━━━━━ Data for this exercise

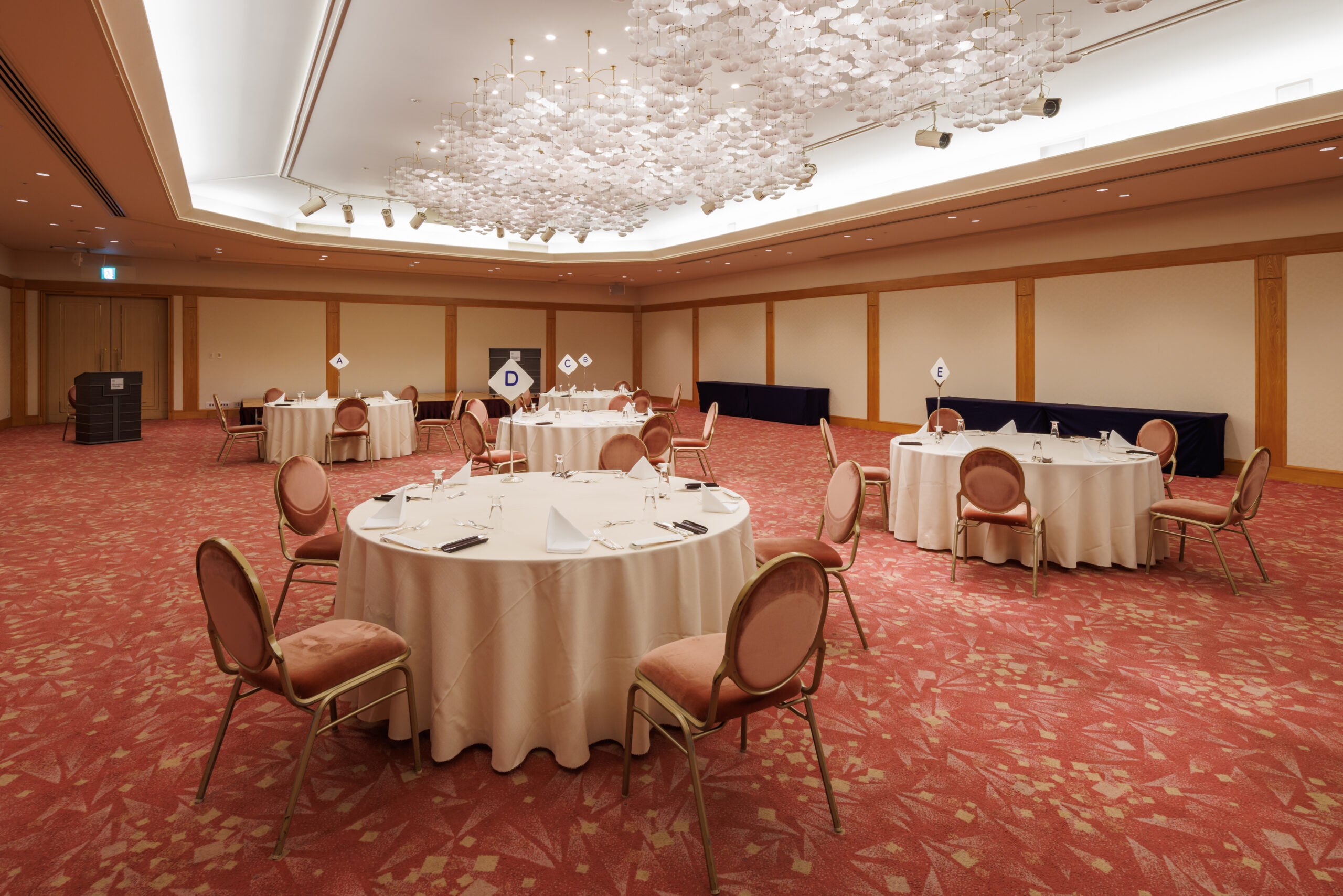 - A. 少人数の会食から最大数百名の大宴会まで対応可能です。会場により収容人数が異なりますので、事前にご相談ください。
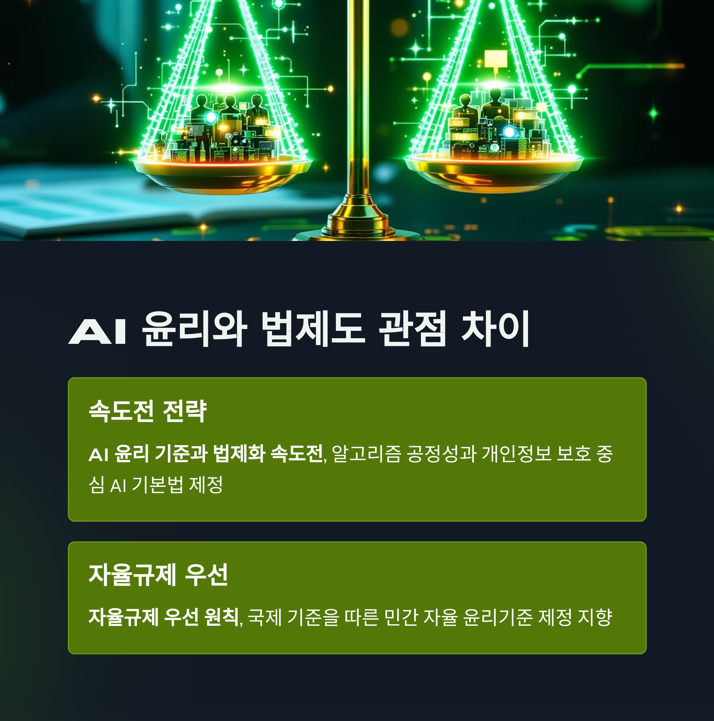 | 법제도 방향 | AI 관련 법 제정 및 규제 | 규제 완화 중심 |
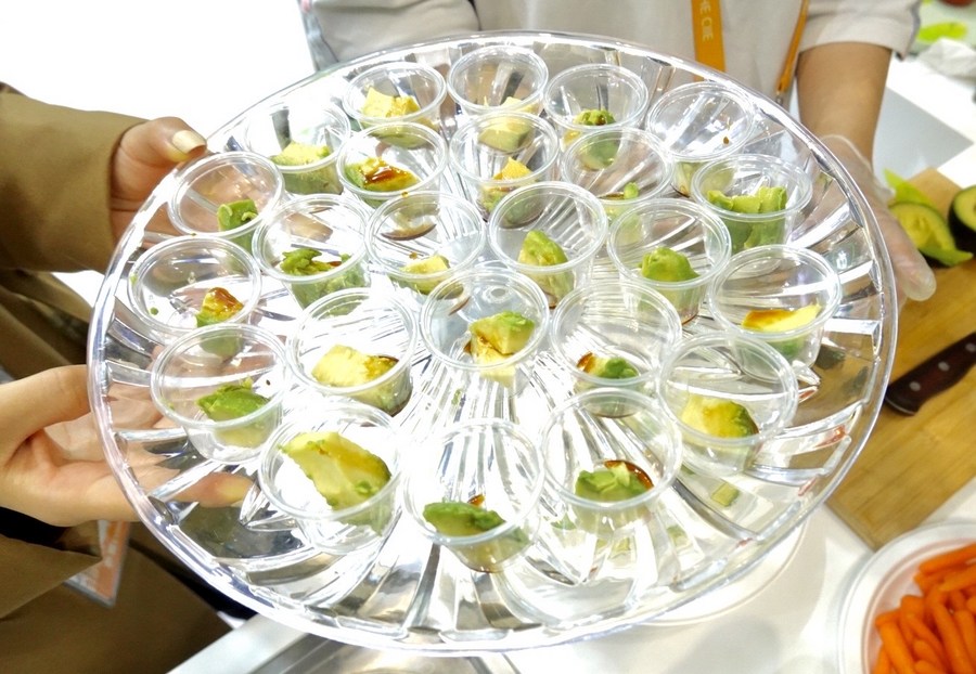 Staff members present pieces of avocado at Food and Agricultural Products exhibition area during the second China International Import Expo (CIIE) in Shanghai, east China, Nov. 9, 2019. (Xinhua/Cai Yang)
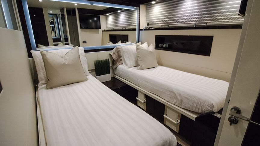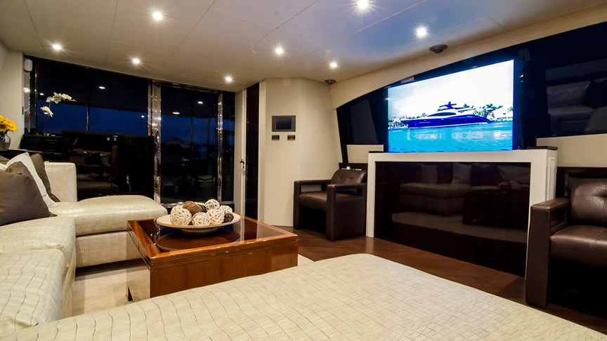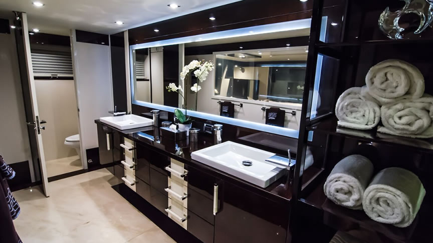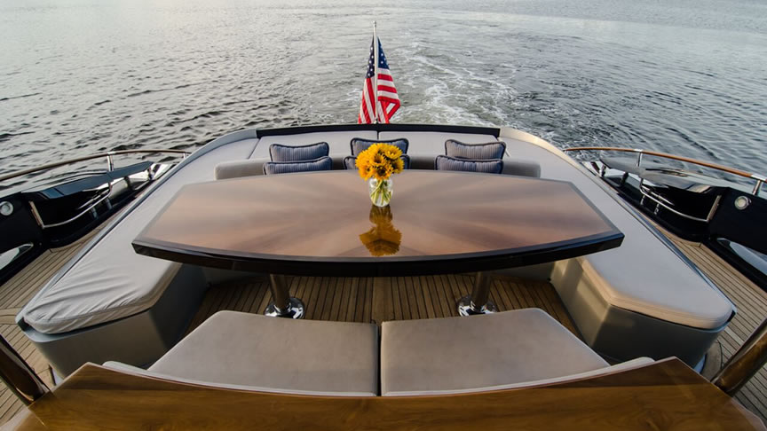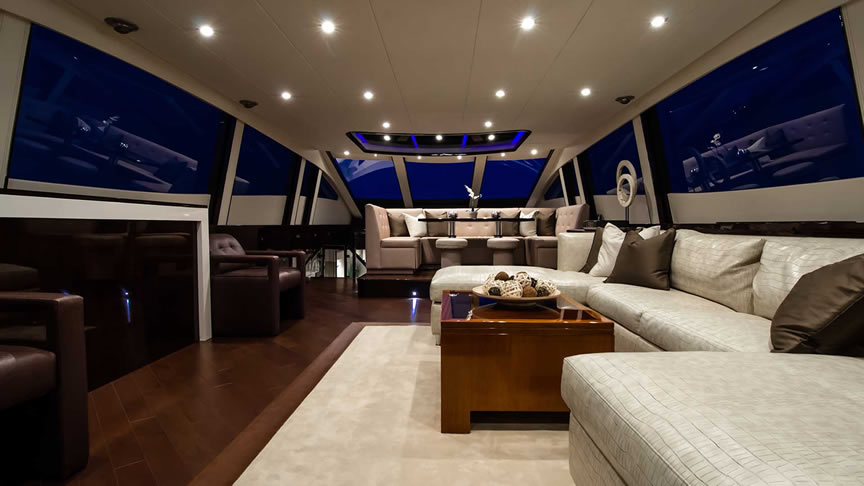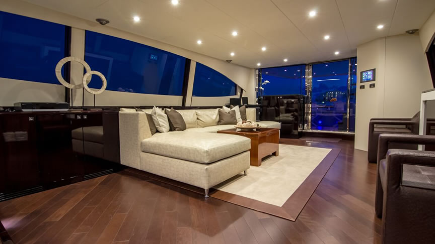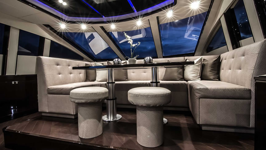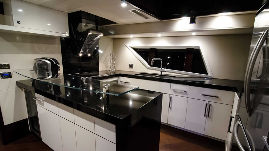 For total luxury, choose the 92 Lazzara LSX. On the deck, have a drink with your guests, then relax in the jacuzzi. The full galley features a center kitchen island, stainless steel appliances, and a seating area with a leather sofa for guests. The salon holds a large dining room table, cream colored sofas and love seats, and grand picture windows for stunning 360 degree views. With five staterooms, this boat is ideal for large group term charters. A walk around deck and spacious interior make this boat feel much larger than its size.
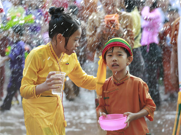 当地时间2019年3月31日,缅甸仰光,掸族传统泼水节庆祝活动举行,人们在水花四溅的街头肆意狂欢、互相泼水。 掸族的泼水节是掸族一年中最重要的节会。泼水节节期有3-4天。在泼水节的第一天,掸族的善男信女们清晨要休浴更衣,要到寺庙中拜佛。他们在寺院中搭起彩棚,将佛像请到彩棚中浴佛。姑娘小伙子们成群结队地挑来清水为佛像洗尘。掸族人在新年泼水节期间还要布施,要拜神以求来年五谷丰登、身体健康。掸族历来有敬老的传统。泼水节期间。晚辈们会采来皂角、大叶解宝捣成汁做成洗发水献给长辈。

━━━━━━━━━━

What the exercise asks >>
Pictures in the records above should not be copied. Repeat everything else exactly.

Reply >>
 - A. 少人数の会食から最大数百名の大宴会まで対応可能です。会場により収容人数が異なりますので、事前にご相談ください。
 | 법제도 방향 | AI 관련 법 제정 및 규제 | 규제 완화 중심 |
 Staff members present pieces of avocado at Food and Agricultural Products exhibition area during the second China International Import Expo (CIIE) in Shanghai, east China, Nov. 9, 2019. (Xinhua/Cai Yang)
 For total luxury, choose the 92 Lazzara LSX. On the deck, have a drink with your guests, then relax in the jacuzzi. The full galley features a center kitchen island, stainless steel appliances, and a seating area with a leather sofa for guests. The salon holds a large dining room table, cream colored sofas and love seats, and grand picture windows for stunning 360 degree views. With five staterooms, this boat is ideal for large group term charters. A walk around deck and spacious interior make this boat feel much larger than its size.
 当地时间2019年3月31日,缅甸仰光,掸族传统泼水节庆祝活动举行,人们在水花四溅的街头肆意狂欢、互相泼水。 掸族的泼水节是掸族一年中最重要的节会。泼水节节期有3-4天。在泼水节的第一天,掸族的善男信女们清晨要休浴更衣,要到寺庙中拜佛。他们在寺院中搭起彩棚,将佛像请到彩棚中浴佛。姑娘小伙子们成群结队地挑来清水为佛像洗尘。掸族人在新年泼水节期间还要布施,要拜神以求来年五谷丰登、身体健康。掸族历来有敬老的传统。泼水节期间。晚辈们会采来皂角、大叶解宝捣成汁做成洗发水献给长辈。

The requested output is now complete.